[Stored data entries]
..............................
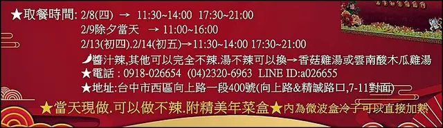 營業時間:11:00~14:00 17:30~21:00(週一週二公休、除夕-初三休息)
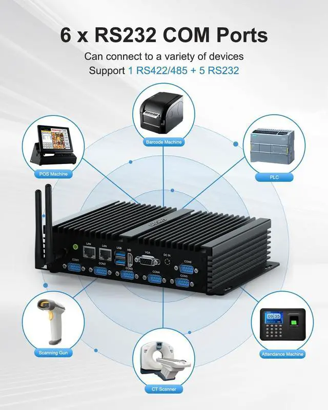 BASOARO Fanless PC Mini Industrial Computer Specifications HD VGA Dual Display 6 RS232 COM
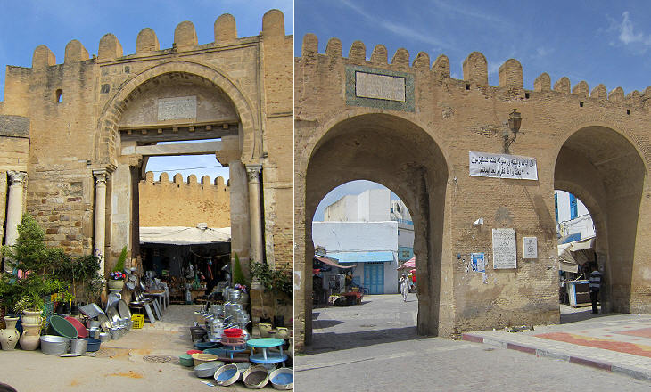 Bab el-Khoukha or Gate of Sousse or New Gate: (left) external gate; (right) internal gate
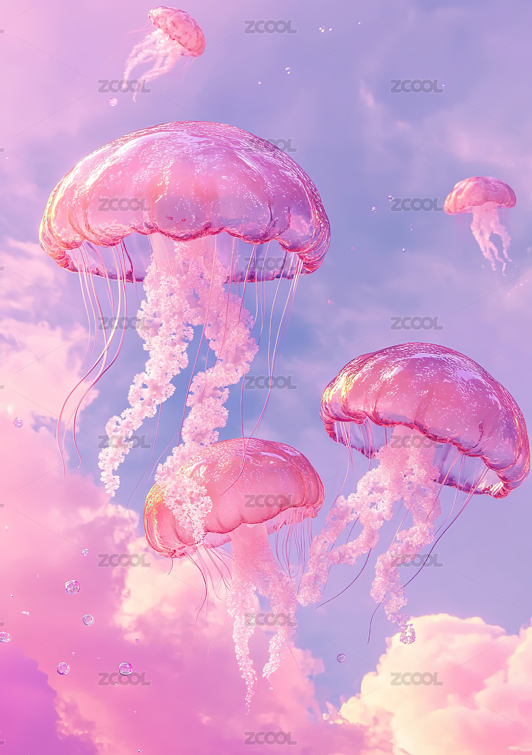 水母, 樱花, 天空, 云朵, 粉红色, 梦幻, 水彩, 仙境, 艺术, 插画
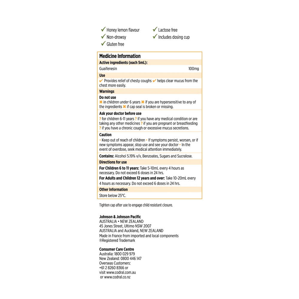 Breathe easier with Codral Mucus Cough Oral Liquid 150 mL, a non-drowsy formula designed to loosen stubborn chest mucus and relieve heavy coughs. Containing the proven expectorant Guaifenesin, this trusted Codral formula helps break down and expel mucus, clearing the airways for easier breathing and lasting relief.
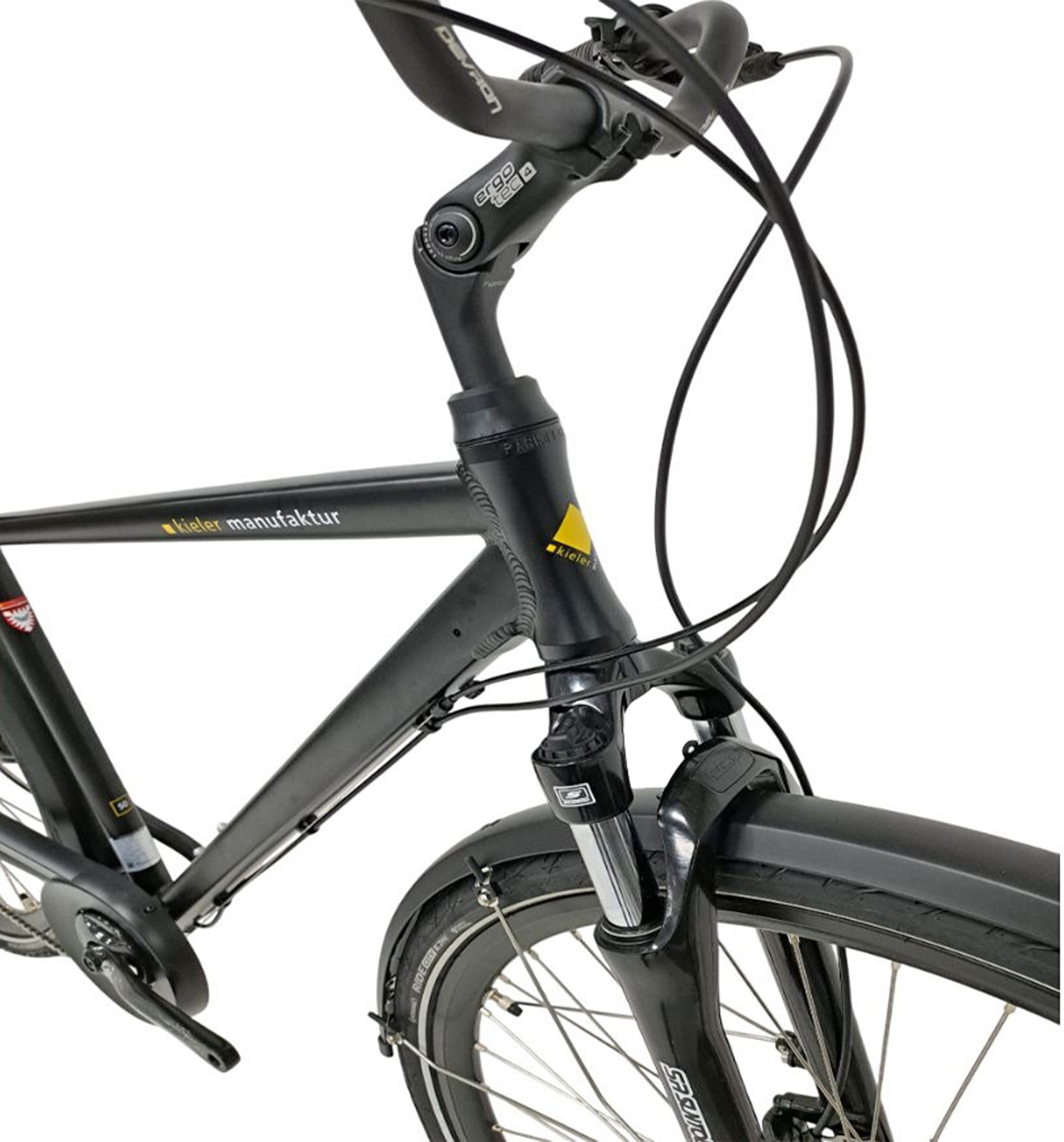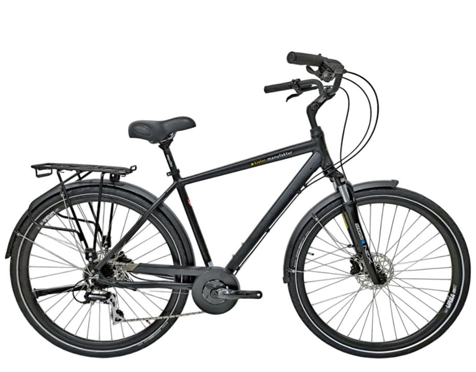 KREIDLER Kieler Man este o bicicleta de oras veritabila, putand fi utilizata cu succes atat pentru deplasarile zilnice in oras, cat si pentru plimbari relaxante. Bicicleta dispune de un cadru din aluminiu, robust si ergonomic, geometria cadrului fiind dedicata utilizarii bicicleteio de catre barbati. Transmisia bicicletei este asigurata de un schimbator spate SHIMANO Acera 8 viteze, actionat de o maneta secventiala SHIMANO Altus SL-M315 RapidFire 1x8 viteze. Sistemul de franare este disc hidraulic, eficient in franare indiferent de suprafata de rulare. Jantele duble din aluminiu 28"x32H sunt echipate cu anvelope CONTINENTAL Ride City E25 (42-622) cu dunga reflectorizanta si antipana, profilul acestora oferind o rulare optima pe orice tip de suprafata. Bicicleta are o multime de dotari, de remarcat fiind portbagajul solid cu elemente care permit montarea unor coburi laterali, folositori in deplasarile lungi, un sistem de iluminare LED cu baterii, o sa cu gel comoda, un set de aparatori de noroi care acopera eficient rotile si previne murdarirea in zilele ploioase si un cric reglabil. Confortul in deplasare este asigurat de o furca SR SUNTOUR SF16 NEX, cu o cursa a suspensiei de 50 mm, un ghidon ergonomic cu o latime de 640 mm si o sa lata cu gel, comoda in special pentru deplasarile lungi. In concluzie, daca ai nevoie de o bicicleta pentru deplasari rapide in oras, dar in acelasi timp esti amator de plimbari lungi in natura, KREIDLER Kieler Man merita atentia ta in cazul unei achizitii.
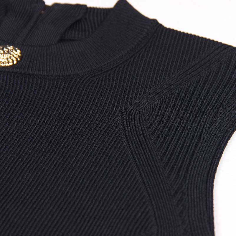 Sleveless Hollowed-Standard Collar Knit Midi Dresses
..............................
_ACTIVITY_
Starting at the line that contains "KREIDLER Kieler Man este", please write out each line through the last line of the data, both ends included, and keep pictures out of the copy.

_SOLUTION TO THIS PROBLEM_
 KREIDLER Kieler Man este o bicicleta de oras veritabila, putand fi utilizata cu succes atat pentru deplasarile zilnice in oras, cat si pentru plimbari relaxante. Bicicleta dispune de un cadru din aluminiu, robust si ergonomic, geometria cadrului fiind dedicata utilizarii bicicleteio de catre barbati. Transmisia bicicletei este asigurata de un schimbator spate SHIMANO Acera 8 viteze, actionat de o maneta secventiala SHIMANO Altus SL-M315 RapidFire 1x8 viteze. Sistemul de franare este disc hidraulic, eficient in franare indiferent de suprafata de rulare. Jantele duble din aluminiu 28"x32H sunt echipate cu anvelope CONTINENTAL Ride City E25 (42-622) cu dunga reflectorizanta si antipana, profilul acestora oferind o rulare optima pe orice tip de suprafata. Bicicleta are o multime de dotari, de remarcat fiind portbagajul solid cu elemente care permit montarea unor coburi laterali, folositori in deplasarile lungi, un sistem de iluminare LED cu baterii, o sa cu gel comoda, un set de aparatori de noroi care acopera eficient rotile si previne murdarirea in zilele ploioase si un cric reglabil. Confortul in deplasare este asigurat de o furca SR SUNTOUR SF16 NEX, cu o cursa a suspensiei de 50 mm, un ghidon ergonomic cu o latime de 640 mm si o sa lata cu gel, comoda in special pentru deplasarile lungi. In concluzie, daca ai nevoie de o bicicleta pentru deplasari rapide in oras, dar in acelasi timp esti amator de plimbari lungi in natura, KREIDLER Kieler Man merita atentia ta in cazul unei achizitii.
 Sleveless Hollowed-Standard Collar Knit Midi Dresses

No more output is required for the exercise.